*Directions*: Please give back only the lines below from the one containing "Large dark wooden" to the one containing "슈퍼 쿨 AB 매직 컬러", each repeated word for word, both ends included.

*Information supplied*:

☆ ☆ ☆ ☆

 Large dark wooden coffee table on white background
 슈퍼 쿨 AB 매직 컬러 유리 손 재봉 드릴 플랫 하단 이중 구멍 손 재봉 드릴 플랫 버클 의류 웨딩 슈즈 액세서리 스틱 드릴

☆ ☆ ☆ ☆

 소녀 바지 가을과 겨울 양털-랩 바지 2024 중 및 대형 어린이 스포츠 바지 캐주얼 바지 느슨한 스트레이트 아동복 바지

☆ ☆ ☆ ☆

*Your solution*:
 Large dark wooden coffee table on white background
 슈퍼 쿨 AB 매직 컬러 유리 손 재봉 드릴 플랫 하단 이중 구멍 손 재봉 드릴 플랫 버클 의류 웨딩 슈즈 액세서리 스틱 드릴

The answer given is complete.